Our results here suggest that the antithetical role of Nished, i.e. to potentiate the promoter activity of MLC2v gene in cardiac cells and to inhibit the same gene in skeletal muscle is afforded by the ability of Nished to interact with activators  or repressors (this report). Moreover, the association of DNase hypersensitivity and histone modifications in specific cell types suggests that developmentally established chromatin changes dictate the spatial and temporal expression of genes. In higher eukaryotes, histone modification of the type that involves methylation of histone H3 at lysines 4 and 9 (K4 and K9) leads to complementary functions; methyl K4 is enriched in transcriptionally active regions and methyl K9 in silent regions [25, 26]. Our data show that the histone H3 K4 residue is methylated around the IRE sequence in cardiac cells, suggesting that IRE is accessible to the transcriptional machinery in the cardiac tissue and inaccessible in non-cardiac tissues. IRE must, therefore, reside in a developmentally established instructive chromatin conformational environment that directs the transcription of MLC2v gene in cardiac cells. This is consistent with the methylation profile of H3 K9 and K4 residues across the chicken βglobin locus that similarly dictates the erythroid development stage-specific §-globin gene expression . Likewise, chromatin modification at the myogenin loci is marked by the interaction of Pbx/Meis complex with MyoD, which, in association with other factors, regulates the temporal expression of myogenin during muscle differentiation through a feed-forward mechanism .

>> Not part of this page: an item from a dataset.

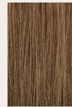
クリームプレックス未使用
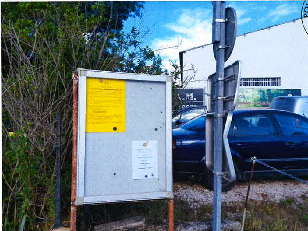
Au niveau du garage Renault, Chemin des Maures:

We have previously reported that IRE–Nished interaction serves as the target of hypertrophy-induced signalling in expression of MLC2v gene . Nished interacts with transcription factor, NFATc4, and recruits p300 at the IRE site. The DNA–protein interaction is stimulated by the hypertrophic agonists angiotensin II. In this context, the dual role of Nished is significant given the identical Nished binding sequence present in the two disparate elements (CSS and IRE) in the MLC2v promoter. The association of Nished with HDAC and with p300 thus identifies the antithetical role of Nished in mediating transcription regulation. Our data identify Nished as a regulator of both positive and negative transcription in the target muscle cells of distinct lineages. That Nished is expressed in both adult cardiac and skeletal muscle cells, as well as in non-muscle cells, makes it likely that it has a role(s) in processes other than that in myogenesis.
This work was supported by Grant No HL073399 from the National Institutes of Health.